To view the efforts of the men of the Normandy Invasion as a tactical example of military maneuvers misses the larger point of their heroic sacrifice: To protect liberty at the risk of their own lives. And to protect their comrades from the enemy, and be willing to pay the ultimate price for it. Those men did not drop from the skies, wade and then run, bleed and die on the sand in order to conquer a foreign land for its raw materials. There was no desire to expand the borders of a host nation and enslave a people. They saw a very real and dangerous threat to liberty and chose not to run from it but to battle against it against nauseating odds.
Because of men like those men like me have the luxury of editorializing and learning from history. In other times I would have grown up as a slave to the conqueror, or crushed under the wheels of a re-education campaign. But because of the debt paid for me by men like those of Easy Company, and countless others, I live in the lap of luxury damned by my inability to thank them for their sacrifice.
A special prayer today for the men who answered the call.
Are there any parallels between then and now? Many believe there are not. And that is the most frightening thing about the times in which we live.
Update (6/7/07):
Victor Davis Hanson comments further:
What can we learn, then, on this anniversary of the Normandy campaign?
By any historical measure, our forefathers committed as many strategic and tactical blunders [VDH recounts these earlier in his article] as we have in Afghanistan and Iraq - but lost tens of thousands more Americans as a result of such errors.
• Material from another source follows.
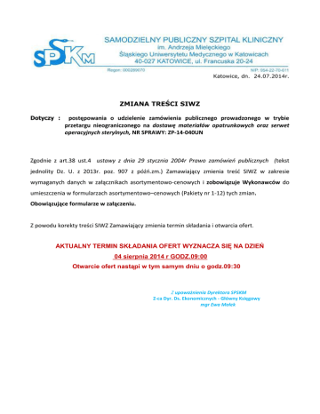 ZMIANA TREŚCI SIWZ Dotyczy : postępowania o udzielenie

We worry about emboldening Iran by going into Iraq; the Normandy generation fretted about empowering a colossal Soviet Union.
Of course, World War II was an all-out fight for our very existence in a way many believe the war against terror that began on 9/11 is not. Even more would doubt that al-Qaida jihadists in Iraq pose the same threat to civilization as the Wehrmacht did in Europe.
Nevertheless, the Normandy campaign reminds us that war is by nature horrific, fraught with foolish error - and only won by the side that commits the least number of mistakes. Our grandfathers knew that. So they pressed on as best they could, convinced that they needn't be perfect, only good enough, to win.
The American lesson of D-Day and its aftermath was how to overcome occasional abject stupidity while never giving up in the face of an utterly savage enemy. We need to remember that now more than ever.